Data block —

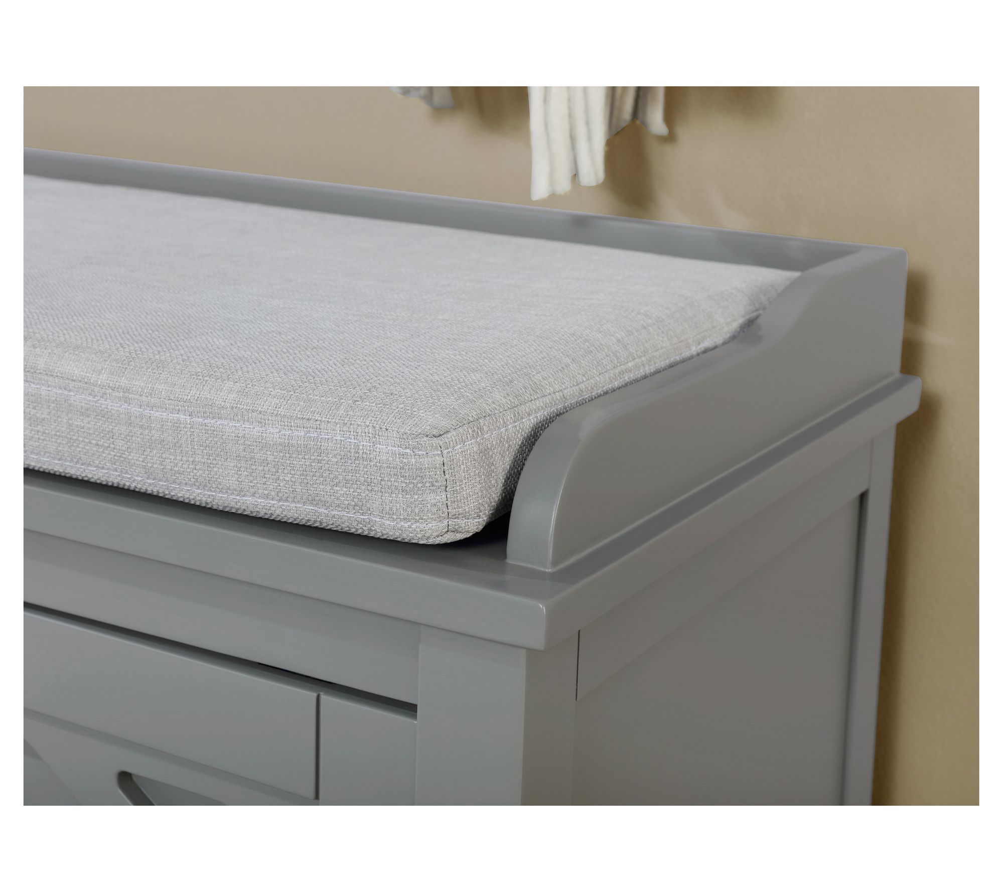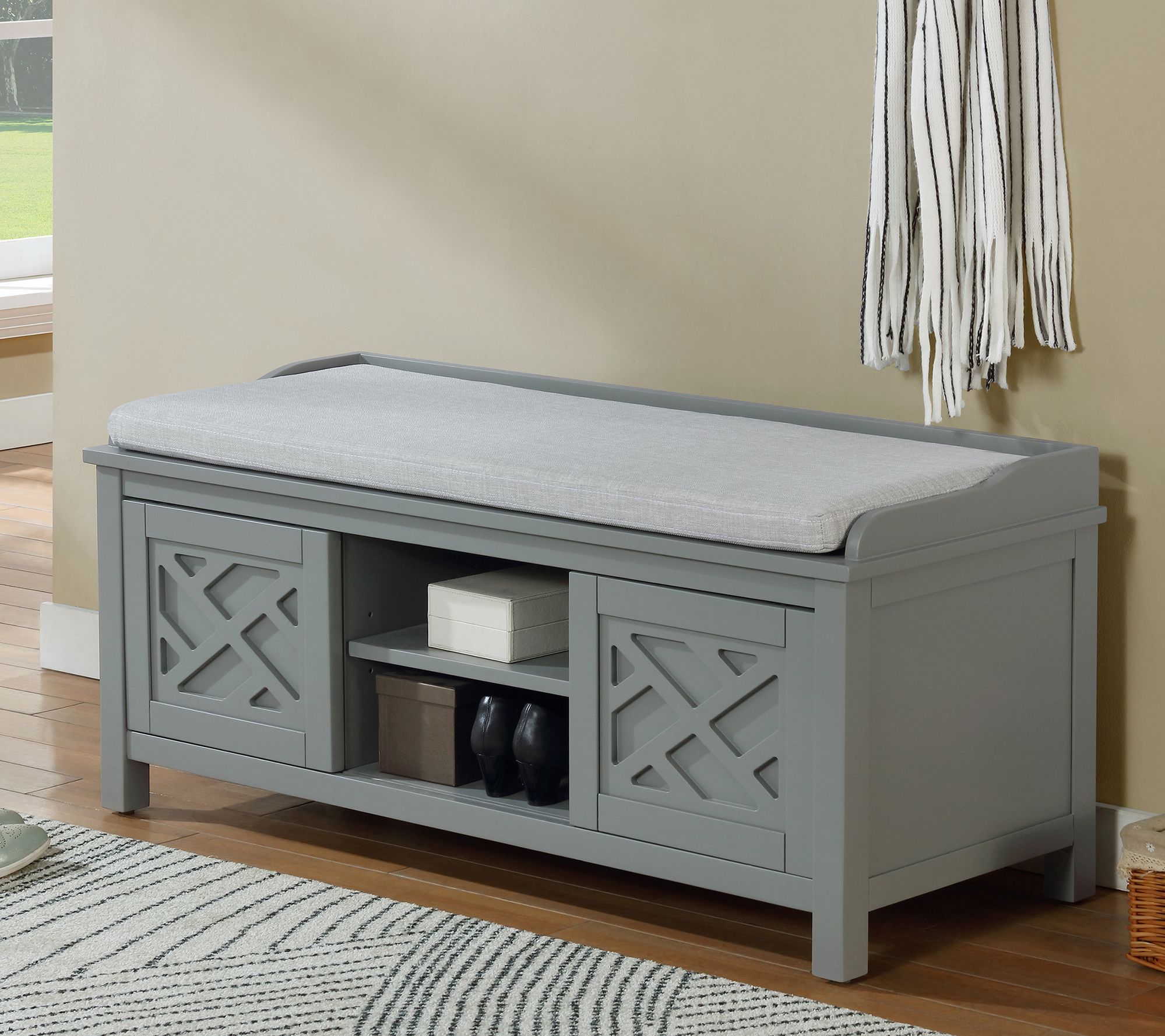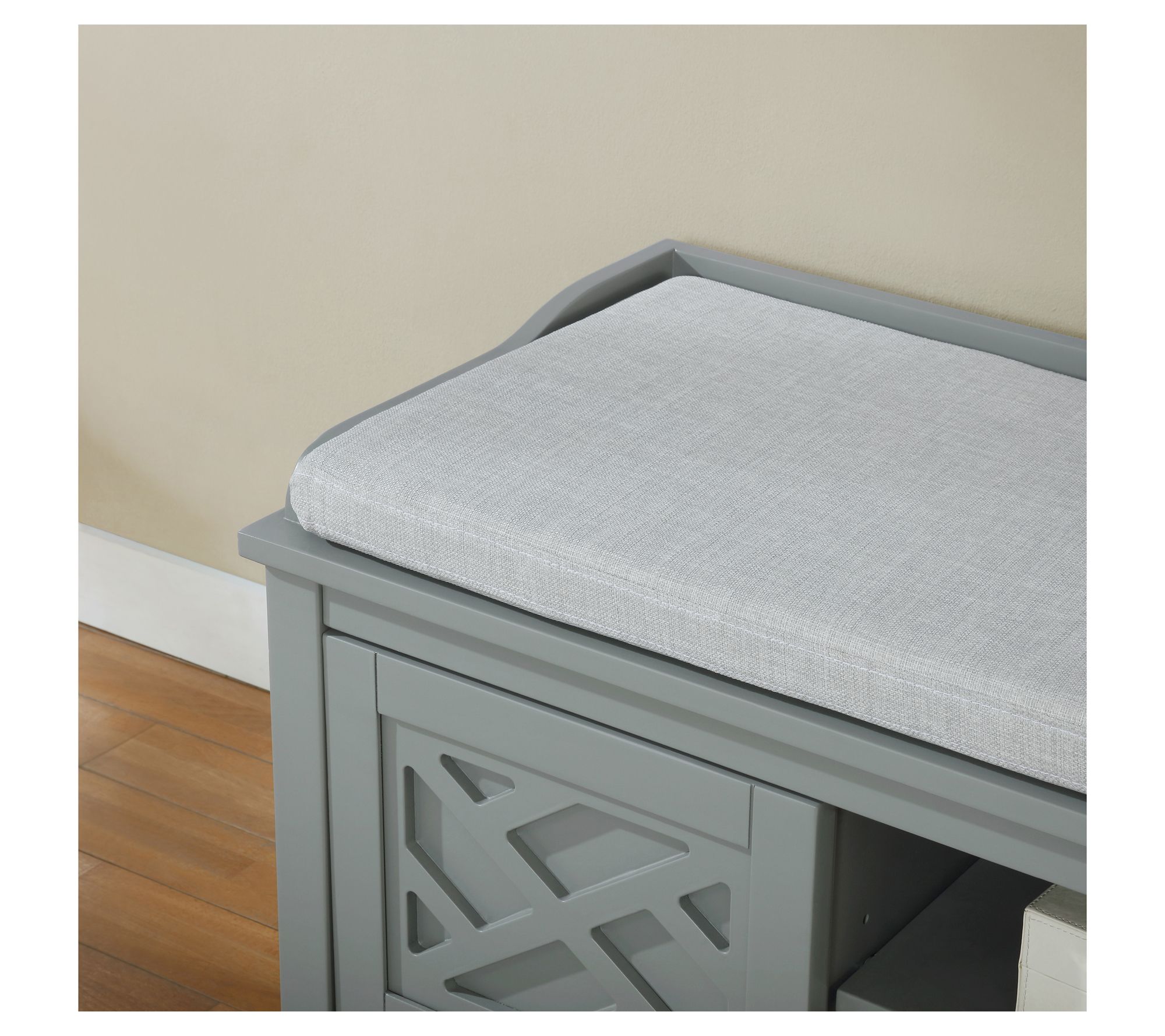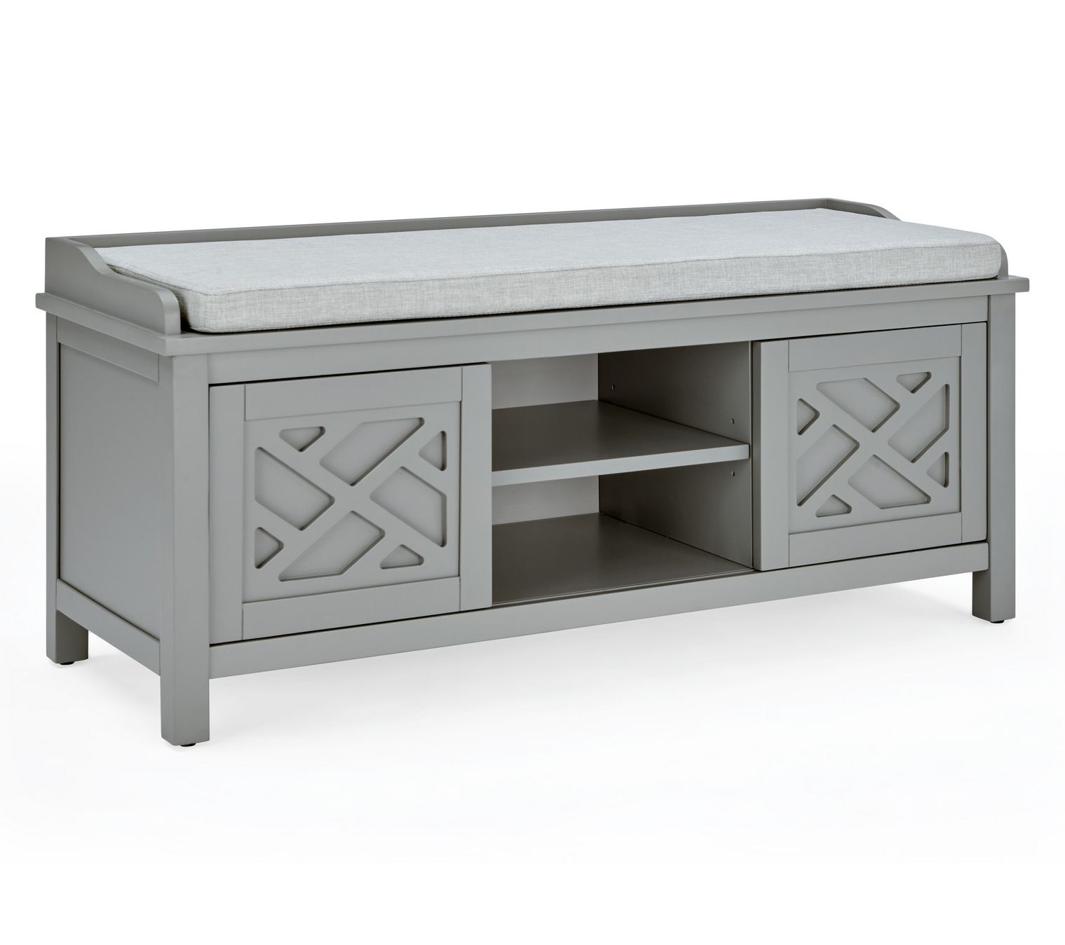 A welcoming spot to organize shoes, bags, and entryway essentials, this storage bench creates a tidy and inviting foyer with its elegant dove gray and white finish and modern square pattern. The built-in cubbies and adjustable shelves keep everything neatly tucked away, while the decorative cushion offers a comfortable seat as you get ready to head out the door. From Alaterre Furniture.
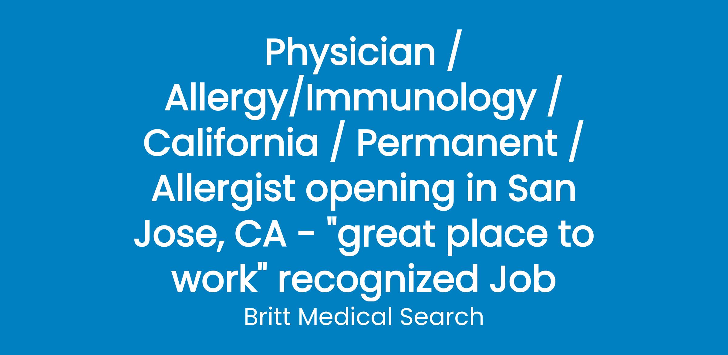 Physician / Allergy/Immunology / California / Permanent / Allergist opening in San Jose, CA - "great place to work" recognized Job
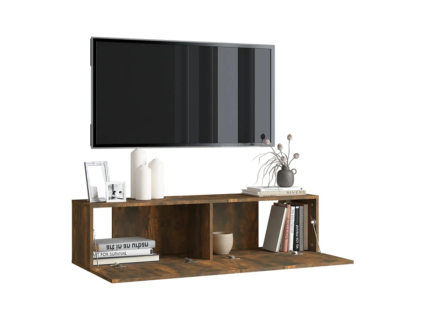 Meuble TV murale Chêne fumé 120x30x30 cm Bois d'ingénierie FR18564

What is needed — All of the data needs repeating exactly, but the pictures do not.

The completed task —
 A welcoming spot to organize shoes, bags, and entryway essentials, this storage bench creates a tidy and inviting foyer with its elegant dove gray and white finish and modern square pattern. The built-in cubbies and adjustable shelves keep everything neatly tucked away, while the decorative cushion offers a comfortable seat as you get ready to head out the door. From Alaterre Furniture.
 Physician / Allergy/Immunology / California / Permanent / Allergist opening in San Jose, CA - "great place to work" recognized Job
 Meuble TV murale Chêne fumé 120x30x30 cm Bois d'ingénierie FR18564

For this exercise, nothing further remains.